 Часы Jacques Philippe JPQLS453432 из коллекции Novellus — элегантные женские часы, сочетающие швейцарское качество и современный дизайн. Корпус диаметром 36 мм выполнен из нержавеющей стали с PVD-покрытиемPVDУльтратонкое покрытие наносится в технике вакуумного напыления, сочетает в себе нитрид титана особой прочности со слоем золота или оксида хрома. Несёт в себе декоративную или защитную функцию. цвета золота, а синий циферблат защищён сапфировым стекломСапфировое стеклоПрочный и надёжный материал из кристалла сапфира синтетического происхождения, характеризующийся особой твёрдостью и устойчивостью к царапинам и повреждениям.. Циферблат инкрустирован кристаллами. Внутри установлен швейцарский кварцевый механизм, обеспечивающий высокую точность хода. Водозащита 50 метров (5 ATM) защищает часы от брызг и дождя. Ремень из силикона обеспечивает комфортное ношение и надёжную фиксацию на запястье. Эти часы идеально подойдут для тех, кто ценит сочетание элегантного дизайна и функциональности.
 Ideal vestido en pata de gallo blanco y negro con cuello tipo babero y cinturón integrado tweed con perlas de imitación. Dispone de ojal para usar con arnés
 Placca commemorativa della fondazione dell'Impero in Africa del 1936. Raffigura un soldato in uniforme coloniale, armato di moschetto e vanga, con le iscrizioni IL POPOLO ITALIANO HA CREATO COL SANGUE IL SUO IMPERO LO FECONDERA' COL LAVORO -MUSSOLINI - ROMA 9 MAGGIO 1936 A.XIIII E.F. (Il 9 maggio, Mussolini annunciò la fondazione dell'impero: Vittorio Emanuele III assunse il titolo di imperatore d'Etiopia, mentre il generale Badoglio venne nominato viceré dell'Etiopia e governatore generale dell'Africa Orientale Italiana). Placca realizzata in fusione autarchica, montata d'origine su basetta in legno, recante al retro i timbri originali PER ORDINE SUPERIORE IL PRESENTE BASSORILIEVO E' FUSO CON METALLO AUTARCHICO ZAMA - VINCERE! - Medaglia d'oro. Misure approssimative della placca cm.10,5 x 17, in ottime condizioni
....
Goal of the exercise:
The answer should be an exact copy of the data.

Exercise solution:
 Часы Jacques Philippe JPQLS453432 из коллекции Novellus — элегантные женские часы, сочетающие швейцарское качество и современный дизайн. Корпус диаметром 36 мм выполнен из нержавеющей стали с PVD-покрытиемPVDУльтратонкое покрытие наносится в технике вакуумного напыления, сочетает в себе нитрид титана особой прочности со слоем золота или оксида хрома. Несёт в себе декоративную или защитную функцию. цвета золота, а синий циферблат защищён сапфировым стекломСапфировое стеклоПрочный и надёжный материал из кристалла сапфира синтетического происхождения, характеризующийся особой твёрдостью и устойчивостью к царапинам и повреждениям.. Циферблат инкрустирован кристаллами. Внутри установлен швейцарский кварцевый механизм, обеспечивающий высокую точность хода. Водозащита 50 метров (5 ATM) защищает часы от брызг и дождя. Ремень из силикона обеспечивает комфортное ношение и надёжную фиксацию на запястье. Эти часы идеально подойдут для тех, кто ценит сочетание элегантного дизайна и функциональности.
 Ideal vestido en pata de gallo blanco y negro con cuello tipo babero y cinturón integrado tweed con perlas de imitación. Dispone de ojal para usar con arnés
 Placca commemorativa della fondazione dell'Impero in Africa del 1936. Raffigura un soldato in uniforme coloniale, armato di moschetto e vanga, con le iscrizioni IL POPOLO ITALIANO HA CREATO COL SANGUE IL SUO IMPERO LO FECONDERA' COL LAVORO -MUSSOLINI - ROMA 9 MAGGIO 1936 A.XIIII E.F. (Il 9 maggio, Mussolini annunciò la fondazione dell'impero: Vittorio Emanuele III assunse il titolo di imperatore d'Etiopia, mentre il generale Badoglio venne nominato viceré dell'Etiopia e governatore generale dell'Africa Orientale Italiana). Placca realizzata in fusione autarchica, montata d'origine su basetta in legno, recante al retro i timbri originali PER ORDINE SUPERIORE IL PRESENTE BASSORILIEVO E' FUSO CON METALLO AUTARCHICO ZAMA - VINCERE! - Medaglia d'oro. Misure approssimative della placca cm.10,5 x 17, in ottime condizioni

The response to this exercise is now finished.